● **What you have to do**: The lines below, from the one containing "La singular protesta" through the one containing "Please note that", should be set down exactly, with no pictures and nothing else.

● **Data provided**:
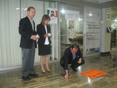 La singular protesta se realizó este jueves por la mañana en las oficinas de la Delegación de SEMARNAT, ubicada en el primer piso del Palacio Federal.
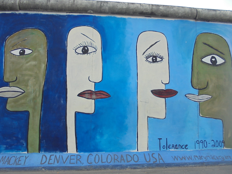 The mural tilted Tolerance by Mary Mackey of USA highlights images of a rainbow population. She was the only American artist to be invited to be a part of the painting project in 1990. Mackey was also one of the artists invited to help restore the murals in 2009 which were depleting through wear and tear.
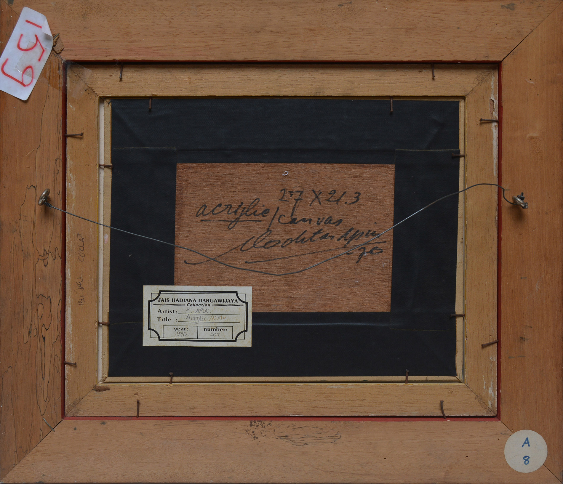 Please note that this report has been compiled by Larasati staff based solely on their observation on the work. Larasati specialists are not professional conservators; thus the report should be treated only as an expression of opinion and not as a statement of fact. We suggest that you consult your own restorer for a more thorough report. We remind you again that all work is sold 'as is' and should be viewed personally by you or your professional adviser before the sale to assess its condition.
* * *
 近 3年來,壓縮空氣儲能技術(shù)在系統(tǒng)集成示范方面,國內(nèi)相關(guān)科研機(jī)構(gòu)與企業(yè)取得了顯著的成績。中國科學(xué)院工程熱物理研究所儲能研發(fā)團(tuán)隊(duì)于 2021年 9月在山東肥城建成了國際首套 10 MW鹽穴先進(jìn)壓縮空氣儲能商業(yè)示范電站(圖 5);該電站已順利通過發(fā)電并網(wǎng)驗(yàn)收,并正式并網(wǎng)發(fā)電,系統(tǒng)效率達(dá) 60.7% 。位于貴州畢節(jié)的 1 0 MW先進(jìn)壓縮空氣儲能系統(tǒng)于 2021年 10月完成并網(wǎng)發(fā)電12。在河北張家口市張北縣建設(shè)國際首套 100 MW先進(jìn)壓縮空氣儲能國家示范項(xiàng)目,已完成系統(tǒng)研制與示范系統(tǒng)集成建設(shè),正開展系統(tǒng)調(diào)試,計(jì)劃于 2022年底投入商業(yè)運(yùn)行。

● **Task response**:
 La singular protesta se realizó este jueves por la mañana en las oficinas de la Delegación de SEMARNAT, ubicada en el primer piso del Palacio Federal.
 The mural tilted Tolerance by Mary Mackey of USA highlights images of a rainbow population. She was the only American artist to be invited to be a part of the painting project in 1990. Mackey was also one of the artists invited to help restore the murals in 2009 which were depleting through wear and tear.
 Please note that this report has been compiled by Larasati staff based solely on their observation on the work. Larasati specialists are not professional conservators; thus the report should be treated only as an expression of opinion and not as a statement of fact. We suggest that you consult your own restorer for a more thorough report. We remind you again that all work is sold 'as is' and should be viewed personally by you or your professional adviser before the sale to assess its condition.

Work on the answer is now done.